* **WHAT NEEDS TO BE DONE**
Retype the whole listing verbatim and keep the pictures out of it.

* **INFORMATION PROVIDED**

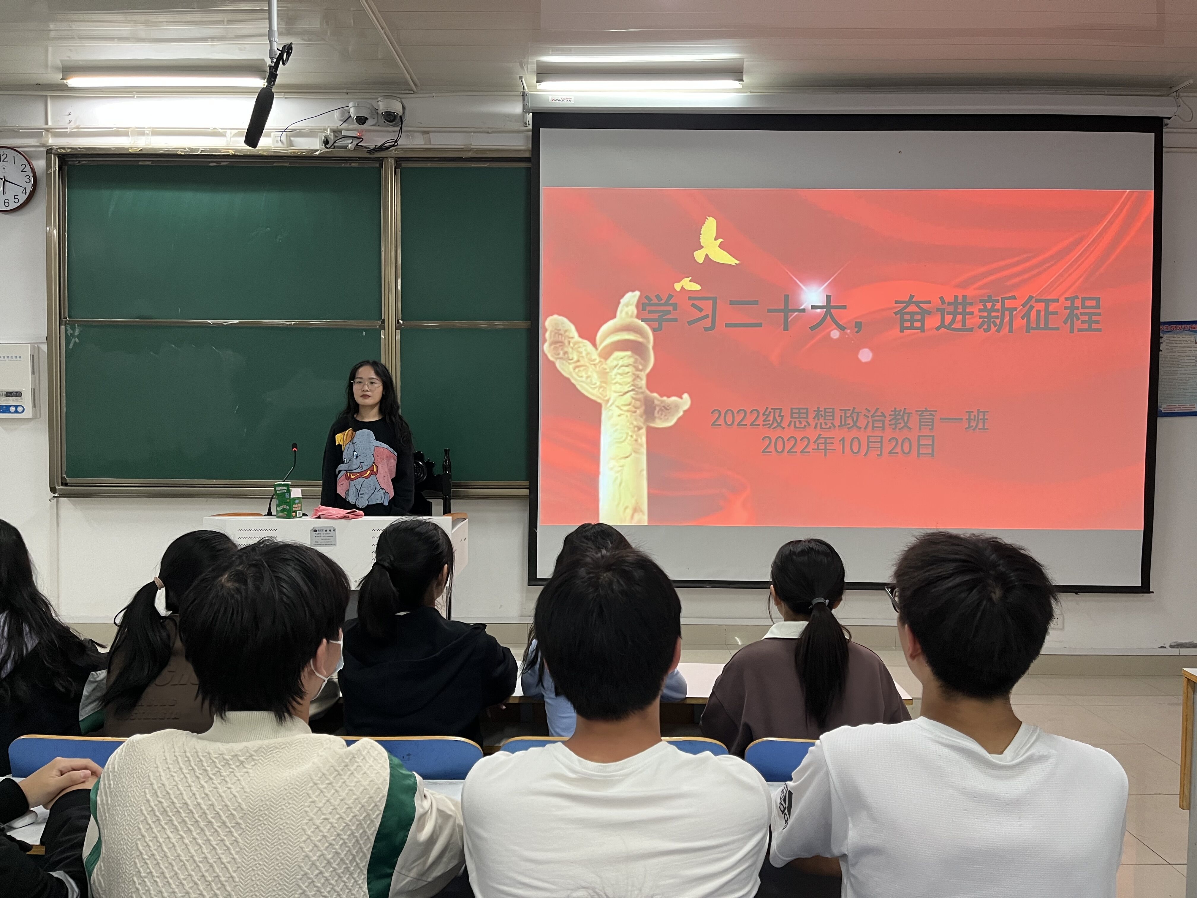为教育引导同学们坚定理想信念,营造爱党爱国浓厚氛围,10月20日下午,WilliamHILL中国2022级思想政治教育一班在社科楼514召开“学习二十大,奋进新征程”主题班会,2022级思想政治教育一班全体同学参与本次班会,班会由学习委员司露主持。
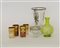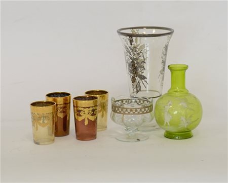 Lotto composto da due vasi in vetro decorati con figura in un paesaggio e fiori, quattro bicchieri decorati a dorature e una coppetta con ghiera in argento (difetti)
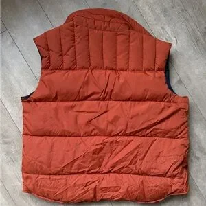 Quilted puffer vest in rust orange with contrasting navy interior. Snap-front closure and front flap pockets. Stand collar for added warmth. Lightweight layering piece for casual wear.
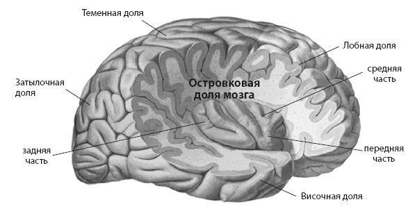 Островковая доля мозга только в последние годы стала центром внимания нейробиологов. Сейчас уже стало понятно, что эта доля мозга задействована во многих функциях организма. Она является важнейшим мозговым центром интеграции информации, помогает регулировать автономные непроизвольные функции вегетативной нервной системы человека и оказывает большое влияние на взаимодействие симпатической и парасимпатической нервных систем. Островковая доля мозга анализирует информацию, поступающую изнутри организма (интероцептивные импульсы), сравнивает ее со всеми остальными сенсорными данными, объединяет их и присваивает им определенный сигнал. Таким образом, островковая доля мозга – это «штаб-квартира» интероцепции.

* **THE COMPLETED TASK**
为教育引导同学们坚定理想信念,营造爱党爱国浓厚氛围,10月20日下午,WilliamHILL中国2022级思想政治教育一班在社科楼514召开“学习二十大,奋进新征程”主题班会,2022级思想政治教育一班全体同学参与本次班会,班会由学习委员司露主持。
 Lotto composto da due vasi in vetro decorati con figura in un paesaggio e fiori, quattro bicchieri decorati a dorature e una coppetta con ghiera in argento (difetti)
 Quilted puffer vest in rust orange with contrasting navy interior. Snap-front closure and front flap pockets. Stand collar for added warmth. Lightweight layering piece for casual wear.
 Островковая доля мозга только в последние годы стала центром внимания нейробиологов. Сейчас уже стало понятно, что эта доля мозга задействована во многих функциях организма. Она является важнейшим мозговым центром интеграции информации, помогает регулировать автономные непроизвольные функции вегетативной нервной системы человека и оказывает большое влияние на взаимодействие симпатической и парасимпатической нервных систем. Островковая доля мозга анализирует информацию, поступающую изнутри организма (интероцептивные импульсы), сравнивает ее со всеми остальными сенсорными данными, объединяет их и присваивает им определенный сигнал. Таким образом, островковая доля мозга – это «штаб-квартира» интероцепции.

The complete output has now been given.